**Instructions for the task:** Starting with the line that holds "生态环境部发布的《国家污染防" and stopping after the line that holds "Nées en 2022, les", repeat the lines below word for word, without the pictures.

**Study material:**
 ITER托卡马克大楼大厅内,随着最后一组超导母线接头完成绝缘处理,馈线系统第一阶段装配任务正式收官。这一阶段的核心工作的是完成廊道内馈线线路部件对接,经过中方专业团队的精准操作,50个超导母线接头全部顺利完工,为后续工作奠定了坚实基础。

==

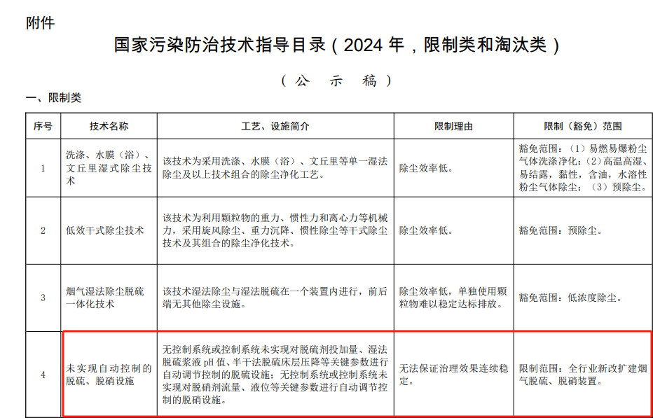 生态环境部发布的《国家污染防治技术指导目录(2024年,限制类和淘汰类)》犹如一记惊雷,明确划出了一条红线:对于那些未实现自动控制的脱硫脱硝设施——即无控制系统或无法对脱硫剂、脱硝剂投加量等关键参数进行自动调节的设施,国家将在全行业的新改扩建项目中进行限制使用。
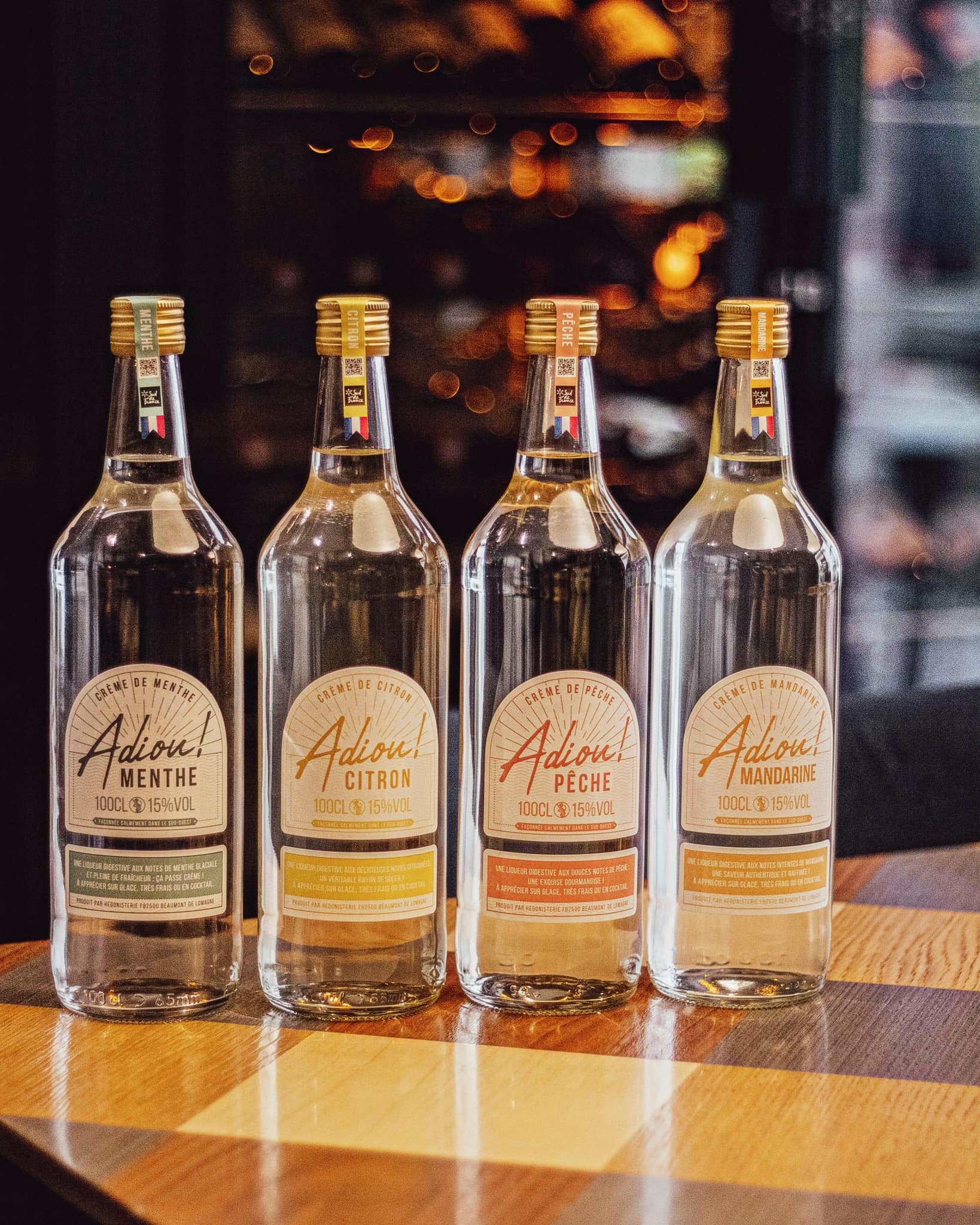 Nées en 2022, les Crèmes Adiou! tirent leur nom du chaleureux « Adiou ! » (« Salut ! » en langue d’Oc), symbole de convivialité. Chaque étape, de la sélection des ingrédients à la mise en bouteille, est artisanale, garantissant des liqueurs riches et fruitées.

**Output for this exercise:**
 生态环境部发布的《国家污染防治技术指导目录(2024年,限制类和淘汰类)》犹如一记惊雷,明确划出了一条红线:对于那些未实现自动控制的脱硫脱硝设施——即无控制系统或无法对脱硫剂、脱硝剂投加量等关键参数进行自动调节的设施,国家将在全行业的新改扩建项目中进行限制使用。
 Nées en 2022, les Crèmes Adiou! tirent leur nom du chaleureux « Adiou ! » (« Salut ! » en langue d’Oc), symbole de convivialité. Chaque étape, de la sélection des ingrédients à la mise en bouteille, est artisanale, garantissant des liqueurs riches et fruitées.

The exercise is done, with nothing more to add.